The Psychological Factors Involved In Child Abuse

4319 words - 17 pages

Child abuse is a term impacted by copious multidimensional and
interactive factors that relate to its origins and effects upon a
child's developing capacities and which may act as a catalyst to
broader, longer-term implications for adulthood. Such maltreatment may
be of a sexual, physical, emotional or neglectful nature, each form
holding a proportion of shared and abuse-specific psychological
considerations (Mash & Wolfe, 2005). Certainly in terms of the effects
/ impairments of abuse, developmental factors have been identified
across all classifications of child abuse, leading to a comparably
greater risk of emotional / mental health problems in adult life
within the general population (Mullen, Anderson, Romans, & Herbison,
1994).

With respect to the identification of vehicles of abuse and potential
psychological risk factors, research has focused upon the
'Microsystems' - or individual relationships and environmental
structures - that exist within the child's life (e.g. family, societal
and economic factors), and victim/offender characteristics that
interact with such environmental aspects to precipitate abuse
(Garbarino, 1994; Mash & Wolfe, 2005).

Incidence studies have evidenced such victim-related characteristics
as age, gender, health, and childhood behaviour to render children at
greater risk of abuse (Mash & Wolfe, 2005; Sullivan & Knutson, 2000;
Mullen & Flemming, 1998). For example, children with mental / physical
disabilities have been identified as up to three times at greater risk
of abuse in comparison to non-disabled peers (Sullivan & Knutson,
2000; Crosse, Kaye & Ratnofsky, 1993).
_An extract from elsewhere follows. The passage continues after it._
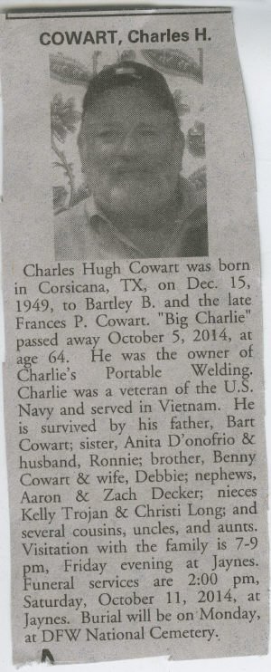 Corey Dudley. He also leaves his 13 beloved grandchildren. |

Birth complications,
child-temperament, chronic / serious illness and childhood trauma are
also well-recognised risk-factors of abuse in childhood
(nccanch.acf.hhs.gov).

Research conducted in the United States of America clearly identifies
an interaction between victim age and abuse characteristics (USDHHS,
2003). There exists a negative correlation between the onset and
prevalence of physical neglect and victim age, for instance,
indicative of a young child's dependency upon the caregiver for
supervision and nurture (Mash & Wolfe, 2005). The incidence of
physical and emotional abuse is also most prominent during
developmental periods of independence, specifically the early,
pre-school and adolescent transitional stages of development (ibid).
Sexual abuse has prevailed most consistently, however, from an onset
of age 3 throughout childhood, highlighting the vulnerability of
children across the age-spectrum (ibid). Nevertheless, victim gender
is emphasised as an influential variable within the incidence and
nature of sexual abuse; for females have accounted for up to 80% of
reported victims and are more likely to be abused by male family
members in contrast to male...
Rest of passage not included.